- Born: Chicago, Illinois, United States
- Education: University Of Chicago; Saint Louis University School of Medicine; Yale University School of Medicine; University of California, San Diego;
- Occupation: Physician
- Medical career
- Profession: Neurosurgeon and Psychiatrist
- Field: Neurosurgery and Psychiatry
- Institutions: Salk Institute for Biological Studies; Pontifical Academy for Life; Dell Medical School;
- Research: Neuroscience
- Doctoral advisors: Francis Crick, Larry Squire, and Fred Gage
- Website: https://robertjbuchananmd.com/

= Robert Joseph Buchanan =

American neurosurgeon, psychiatrist, and neuroethicist

Robert Joseph Buchanan is an American neurosurgeon, psychiatrist, and bioethicist who is best known for his contributions to the field of neuroscience, psychosurgery, and neuroethics. He is an associate professor of neurosurgery at Dell Medical School, University of Texas at Austin and maintains courtesy associate professor appointments in the school's department of neurology and department of psychiatry and behavioral sciences.

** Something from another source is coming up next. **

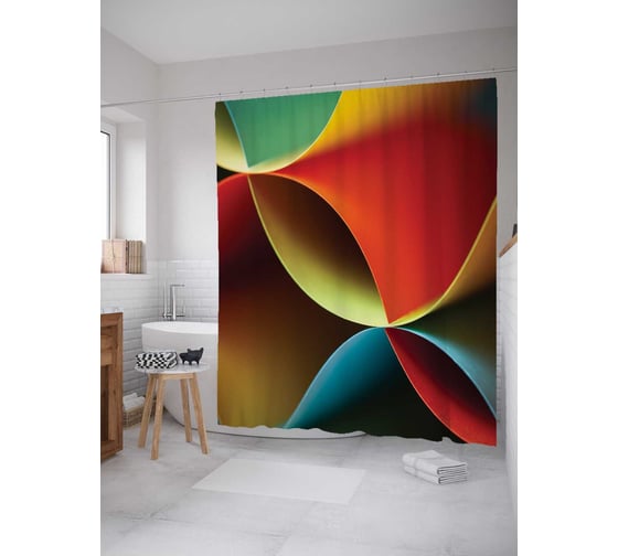 Штора (занавеска) для ванной JoyArty "Конструкция из красок" из сатена, 180х200 см с крючками, sc_22233

== Early life and education ==

Buchanan grew up on the south side of Chicago. He attended the Bishop Noll Institute where he was an all-state tennis player.

Buchanan prepared for his career in medicine by attending the University of Chicago before earning a Doctor of Medicine with honors from the St. Louis University School of Medicine. His post-doctoral training began with an internship at the Jackson Memorial Hospital in conjunction with the University of Miami before he completed separate residencies in both psychiatry and neurosurgery at the University of California, San Diego (UCSD). Buchanan completed his formal education with an epilepsy / functional neurosurgery fellowship at Yale University, a psychobiology and psychopharmacology fellowship with the National Institute of Health at UCSD, and a fellowship at the Salk Institute for Biological Studies.

== Career and research ==

Buchanan has published research work regarding various aspects of neurosurgery in a range of peer-reviewed journals, including the Cerebral Cortex, The Proceedings of the National Academy of Sciences, SCIENCE Advances, Hippocampus, and Journal of the International Neuropsychological Society. He has also penned book chapters for medical education texts such as Adult Neurology and the Textbook of Neurological Surgery. He is currently the Editor in Chief of the Clinics In Surgery journal and a member of the editorial board of Neurological Surgery. He is a reviewer for Journal of Neurology, Neurosurgery, and Psychiatry; Epilepsy and Behavior; and Frontiers in Epilepsy.

Buchanan was appointed by Pope Benedict XVI in 2013 to the serve on the Vatican's international bioethics committee called the Pontifical Academy for Life. He chairs its Consciousness, Neuroscience, and Ethics working group which looks to address intersecting issues confronting humanity such as the irreducibility of the moral conscience and the question of free will in the no-freedom theory, libertarianism, and compatibilism; the levels of consciousness and alterations in temporary and persistent consciousness; cognitive and emotional neuroenahncement and deep brain stimulation; the governance of neurotechnologies; and human dignity between functionalist-actualistic theories and substantialistic theories. Buchanan was re-appointed for another five-year term in 2017.

His most recent practice and area of research has been focused on neuromodulation using deep brain stimulation to attenuate neuropsychological and movement related disorders such as Major Depression and Parkinson's respectively. He is the director of the Human Brain Stimulation and Electrophysiology lab as well as the co-director of the Electrophysiology of Learning and Memory (ELM) Lab at UT Austin. In 2014, Buchanan and his team were the first to be able to make in vivo neurochemical measurements using microdialysis from the human basal ganglia while study participants engaged in memory tasks.

In 2019, Buchanan was the first surgeon in Texas to perform a deep brain stimulator surgery for refractory seizures. As of 2020, he is the principal investigator of the University of Texas site for the ADvance II study to evaluate the safety and efficacy of deep brain stimulation of the fornix for patient's with mild Alzheimer's disease.

=== Other distinctions ===
He is a knight in the Sovereign Military Order of Malta.

== Personal life ==
He currently lives in Austin, Texas.